The NUM’s next move is not certain, but Sipunzi said he would wait until after the Amcu meeting today.

“Sibanye is messing up everything,” he told City Press.

When Amcu managed to win a relatively high wage deal from platinum companies after the historic five-month strike at platinum mines in 2014, there was an instant spike in its membership at unrelated mines.

Solidarity general secretary Gideon du Plessis told City Press that the offer had no effect on his members, but could cause massive damage later.

“My sense is that Amcu would’ve accepted even R1 just to have something better than what the NUM got,” he told City Press.

“This is a huge victory for them over the NUM and it was given to them on a platter. They didn’t even need to have a strike.”

He accused Sibanye of “poor tactics” and predicts that this will come back to haunt them when a new round of platinum wage talks begin in a month or so.

Sibanye is taking over Anglo American Platinum’s Rustenburg mines and will become the largest employer in the gold and platinum sectors.

According to Du Plessis, the concession breaks protocol and the consequence is going to be a disintegration of the chamber’s old bargaining system.

This, in turn, makes things very difficult for Solidarity and the other minor union, Uasa.

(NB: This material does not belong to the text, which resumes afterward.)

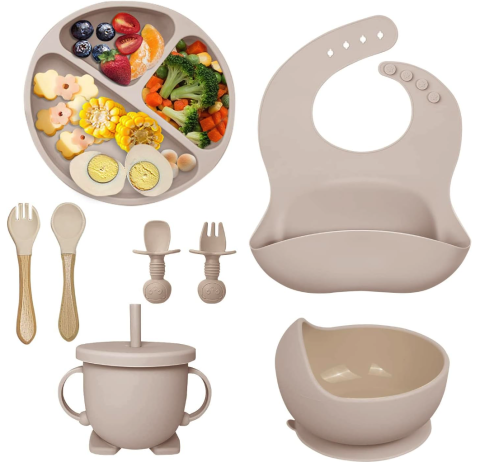 Hoidokly Coffret Repas Bebe Silicone, Lot de 8 Pièces Assiette Ventouse pour Bébé, Bavoir Bebe, Couvert Enfant et Tasse Apprentissage en Silicone sans BPA - Pratique et Facile à laver - Beige
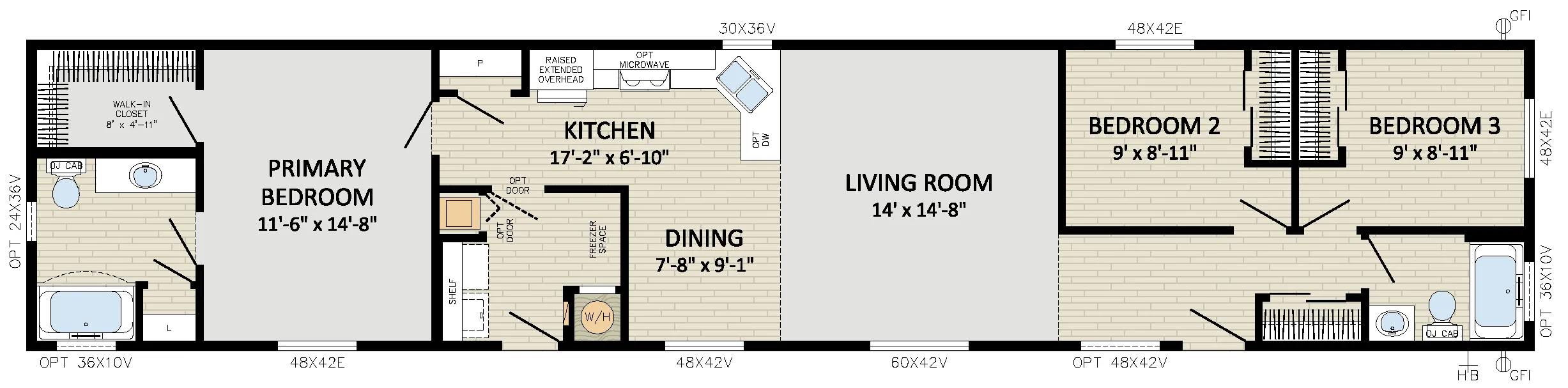 - Front Door: 36" 2-Panel Insulated with dead bolt and peep hole

They are only in the chamber forum by the grace of the NUM in a kind of long-standing gentleman’s agreement, whereby they represent artisans and other historically white workers higher up the occupational hierarchy.

Amcu got admitted to this forum as a minority party in 2013 and challenged the NUM’s authority as the sole negotiator on behalf of the majority of mine workers.

Amcu has long declared that the inclusion of the minority unions is illegitimate.

If Amcu manages to displace the NUM in the gold mines, Solidarity and Uasa would probably have to rely on a recent amendment to the Labour Relations Act to stay relevant.

The amendment allows unions with small memberships that nevertheless form a discreet interest group to get recognition.

Amcu refused to sign gold mines’ 2013 wage deal and refused to sign last year’s one as well.

At AngloGold Ashanti and Harmony, the other three unions together have more than half the workforce as members. That allows them to sign off on a deal without Amcu.

By now, Amcu has the numbers at Sibanye to keep the other unions from forming an outright majority. It represents 44% of Sibanye workers, if the Chamber of Mines’ data are correct.

The other three unions together represent 49% – not a majority.

This slim 1% margin is what allowed Amcu to call out a protected strike this week.

Sibanye’s accommodative attitude reflects the changing fortunes of the gold mines.

Since the wage deal last year, a combination of higher dollar gold prices and the rand’s collapse has massively increased the gold sector’s profits.